As discussed above estimating extinction rates is hard. This affects all diversification models (even if all you want and look at is speciation rate, extinction rate estimates still affect what this is as they affect the likelihood). It is most noticeable in MiSSE with eps, the extinction fraction (extinction rate divided by speciation rate). One option, following Magallon & Sanderson (2001), is to set extinction fraction at set values. By default, we use the somewhat arbitrary values of Magallon & Sanderson (2001) – 0 (meaning a Yule model - no extinction) or 0.9 (a lot of extinction, though still less than paleontoligists find). You can set your own in fixed.eps.tries. If you only want to use fixed values, and not estimate, get rid of the NA, as well. However, don’t “cheat” – if you use a range of values for fixed.eps, it’s basically doing a search for this, though the default AICc calculation doesn’t “know” this to penalize it for another parameter.

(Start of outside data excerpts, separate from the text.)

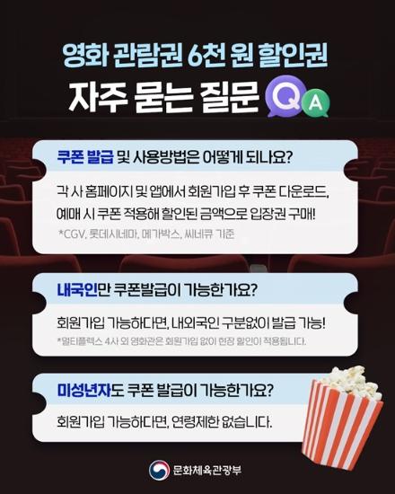문화체육관광부, 영화관람권 6천 원 할인권 자주 묻는 질문 Q&A
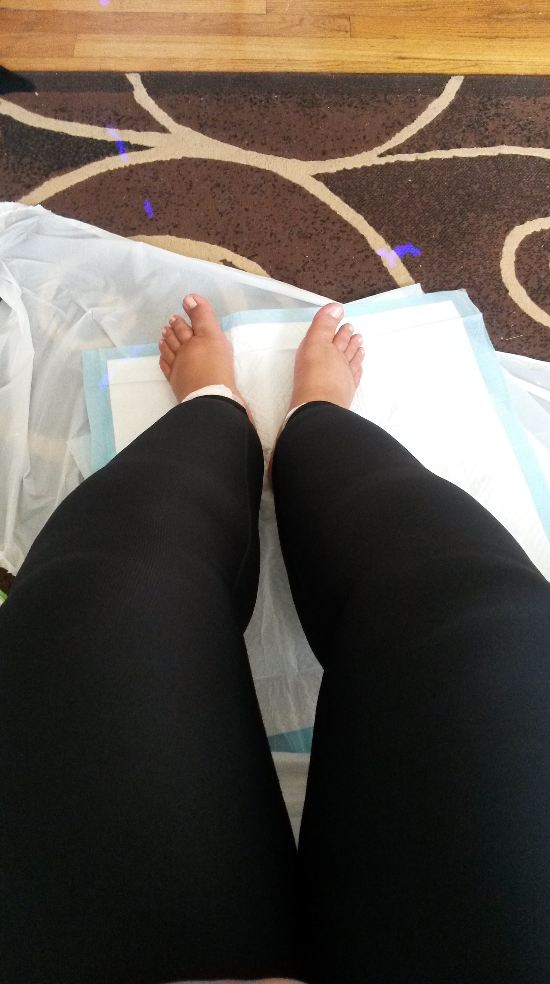 I learned a trick for leaving the surgical facility and getting out of the car upon arriving home, or for the first night! Lesson learned from stepping out of the car and leaking all over the driveway! *TIP* Have your caregiver put a puppy pad under each foot when you step out of the car because by the time you get home it will be ready to leak more! I fashioned a quick “puppy pad shoe” when I realized I would leak all the way going into the house. I did this by placing the puppy pad under my foot and my foot into the center of the pad. While my husband held the corners of the pad up around my ankles, we wrapped bandage tape all the way around my ankle to secure it. This way, If I leaked while walking, It went right into the pad! Ladies and gentlemen, “Puppy Pad Shoes!”
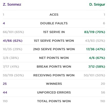 Доречі, в обох програних партіях турка нагадувала кролика перед удавом. У 4 із 5 останніх геймів: 11, 12 у 2-му сеті й 10, 12 у 3-му, Сонмез взяла аж ... 2 м'ячі. Трішки вперлася в передостанньому 3 сета (10 розіграшів), але теж жодного разу не лідирувала, тільки наздоганяла. Врешті не наздогнала і віддала останній на своїй подачі під 0.
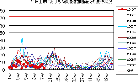 2010年では、第10週まで2件以内、第11〜14週では10〜12件、第15週には19件に増加し、第16週は31件、第17週44件(定点当り4.89)と急増中で、通常より非常に早い立ち上がりとなっています。第18週は17件(定点当り1.89)でしたが、第18週は大型連休を含むため各機関よりの報告数が減少傾向にあることが予想されます。今後の動向に要注意です。
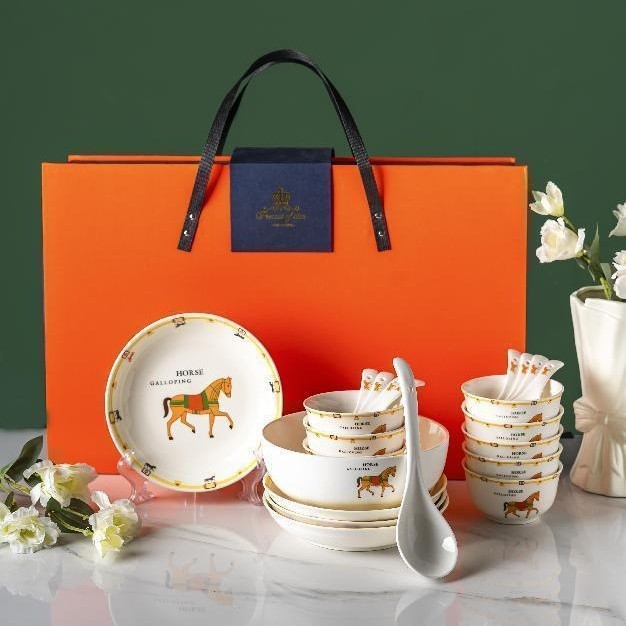 Meishang ライト高級ギフトボックス馬セットクリエイティブセラミック食器家庭用ボウル、プレート、スプーンビジネスイベントメンバーシップギフト

HiSSE and, by extension, MiSSE assume that a taxon has a particular hidden state. Thus, they’re written to assume that we “paint” these states on the tree and a given state affects both turnover and eps. So if turnover has four hidden states, eps has four hidden states. They can be constrained: the easiest way is to have, say, turnover having an independent rate for each hidden state and eps having the same rate for all the hidden states. If vary.both is set to FALSE, all models are of this sort: if turnover varies, eps is constant across all hidden states, or vice versa. Jeremy Beaulieu prefers this. If vary.both is set to TRUE, both can vary: for example, there could be five hidden states for both turnover and eps, but turnover lets each of these have a different rate, but eps only allows three values (so that eps_A and eps_D might be forced to be equal, and eps_B and eps_E might be forced to be equal). Brian O’Meara would consider allowing this, while cautioning you about the risks of too many parameters.

References

Beaulieu, J.M., and B.C. O’Meara. (2016). Detecting hidden diversification shifts in models of trait-dependent speciation and extinction. Syst. Biol. 65:583-601.

Caetano, D.S., B.C. O’Meara, and J.M. Beaulieu. (2018). Hidden state models improve state-dependent diversification approaches, including biogeographic models. Evolution, 72:2308-2324.

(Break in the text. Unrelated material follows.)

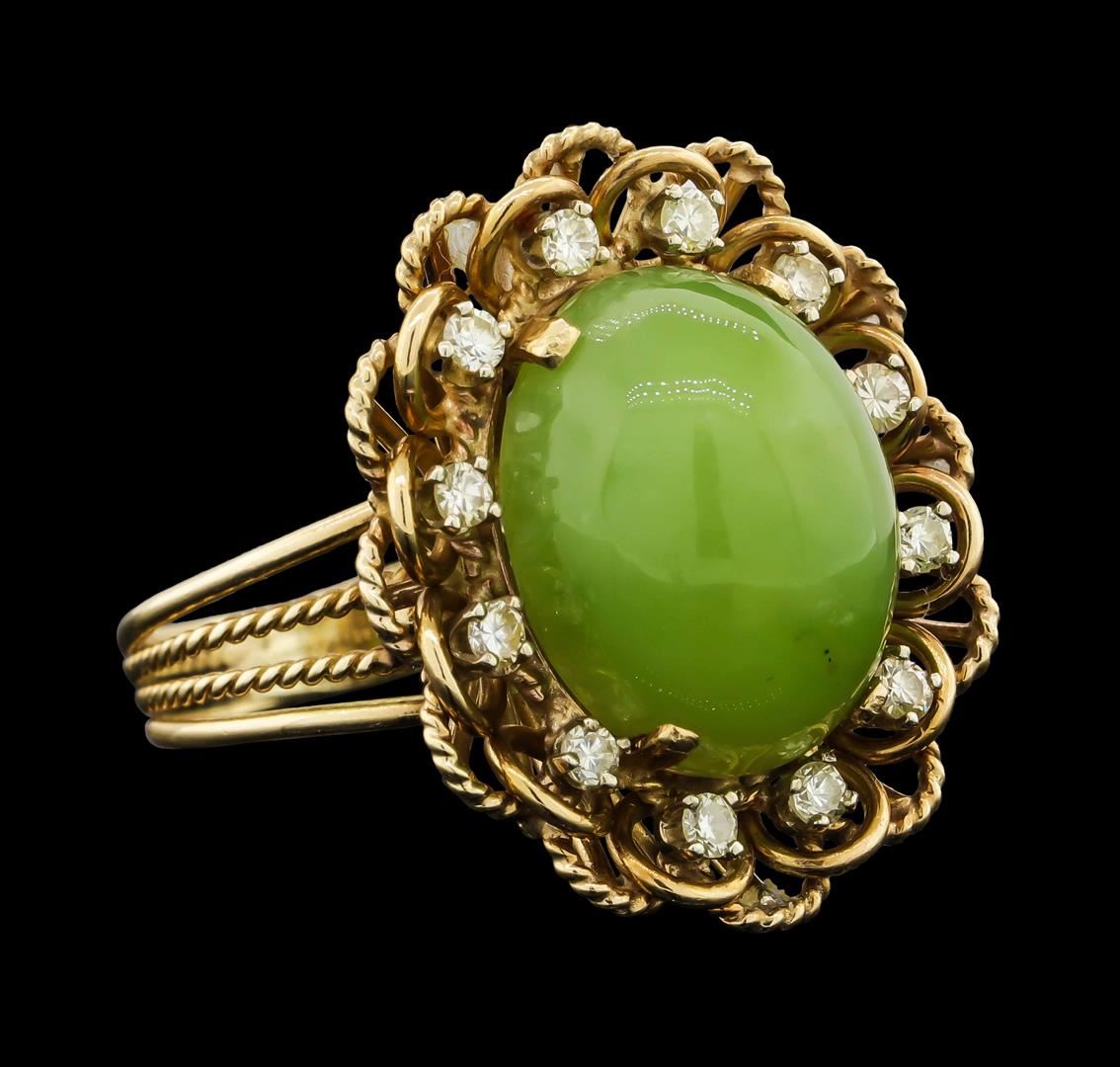 One 14K Yellow Gold Jade and Diamond Ring. The ring contains (1) Jade center stone, and (12) Brilliant Round Cut Diamonds weighing approximately 0.24ctw. The total weight of the ring is 8.8 grams.

Magallón, S, and M.J. Sanderson. (2001). Absolute diversification rates in angiosperm clades. Evolution 55:1762-1780.

Nakov, T., J.M. Beaulieu, and A.J. Alverson. (2018). Freshwater diatoms diversify faster than marine in both planktonic and benthic habitats. bioRxiv, doi: https://doi.org/10.1101/406165.

Rabosky, D.L., and E.E. Goldberg. (2015). Model inadequacy and mistaken inferences of trait-dependent speciation. Syst. Biol. 64:340-355.